Les tensions politiques qui secouent l’arrondissement de Hassan, l’un des plus importants de Rabat, ont empêché la tenue de la session ordinaire du conseil prévue ce jeudi. Au cœur de la controverse: la légalité même de la réunion et la situation juridique de son président, Driss Razi.
Les élus opposés à la tenue de cette session, notamment ceux du Parti de la justice et du développement (PJD), ont contesté sa validité, estimant que Driss Razi ne pouvait légalement la présider. Ils rappellent que ce dernier a fait l’objet, en 2025, d’une décision de révocation prononcée par le tribunal administratif de Rabat à la suite d’une requête introduite par la Wilaya de Rabat-Salé-Kénitra, puis confirmée en appel.
Toutefois, selon plusieurs élus et spécialistes du droit, la révocation de Driss Razi n’a pas encore acquis un caractère définitif. Un recours en cassation étant toujours en cours d’examen, l’intéressé conserve, jusqu’au prononcé d’une décision finale, la possibilité d’exercer ses prérogatives à la tête de l’arrondissement.
Mais le différend dépasse largement la seule question juridique.

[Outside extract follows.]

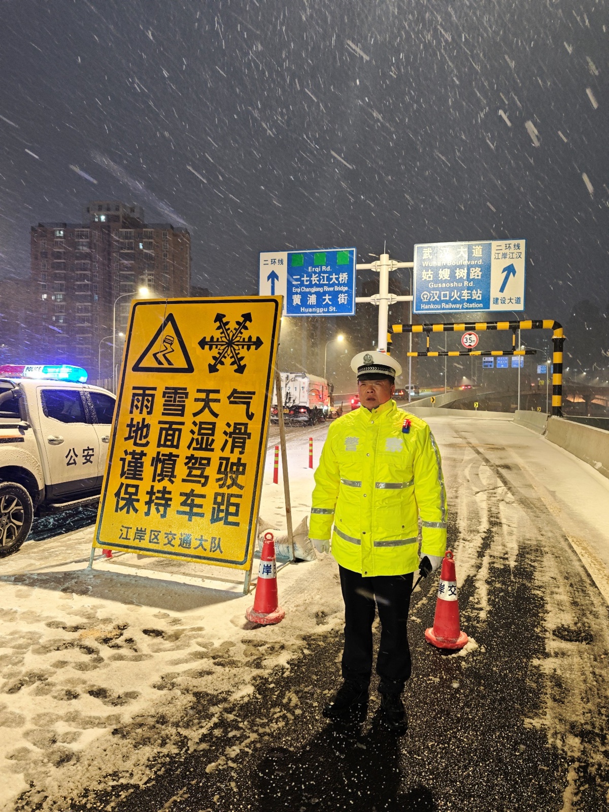 针对降雪持续影响,江岸公安运用“实地巡逻+视频巡查”模式,每小时报送路面情况,通过远端控制、中途分流、近端疏导等措施快速处置堵点。
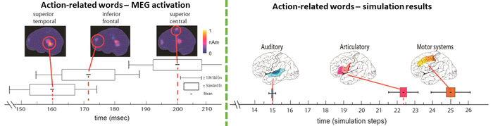 The MatCo project addresses these issues by building neural networks of a specific kind. These brain-constrained networks implement a range of structural and functional features of real brains, so that, for example, specific differences in anatomy of the human and the monkey brains can be directly implemented in the model and the consequence of these differences on network functionality explored. Among the features implemented are local ones addressing neuron function and plasticity, mesoscopic ones addressing connectivity and interaction of local circuits and also macroscopic ones such as area structure, between-area connectivity and large-scale network interaction. Therefore, brain constrained networks realize neurobiological features revealed by anatomical and physiological neuroscience research. These brain-like networks can then be examined in ‘experiments’ probing cognitive functions, which are analog to experiments carried out with human subjects. The resultant observations and their comparison with data from humans may allow for careful conclusions on the neuromechanistic basis of cognition and language.

Au sein de cet arrondissement qui couvre notamment le centre-ville de Rabat, la médina ainsi que les quartiers Hassan et Océan, l’opposition municipale, renforcée par les élus de la Fédération de la gauche démocratique (FGD), multiplie les critiques à l’égard de la gestion financière et administrative de l’exécutif local.
Ces accusations sont fermement rejetées par le président de l’arrondissement. «Mes détracteurs dénoncent aujourd’hui ma gestion, mais ils n’expliquent pas pourquoi ils sont restés silencieux pendant toutes ces années», rétorque Driss Razi.
Lire aussi : Rabat: la destitution du président de l’arrondissement Hassan validée par la justice
Ce dernier met également en avant les résultats budgétaires enregistrés sous son mandat. Selon lui, la gestion de l’arrondissement a permis de dégager des excédents budgétaires ayant contribué au financement d’autres secteurs, alors même que les crédits prévus au titre du budget 2026 n’ont toujours pas été décaissés au profit de la collectivité.
Dans ce climat de forte polarisation politique et institutionnelle, l’avenir du conseil d’arrondissement de Hassan demeure suspendu à la fois aux développements judiciaires entourant le dossier de son président et à la capacité des différentes composantes du conseil à renouer le dialogue pour assurer la continuité du fonctionnement de cette importante collectivité territoriale.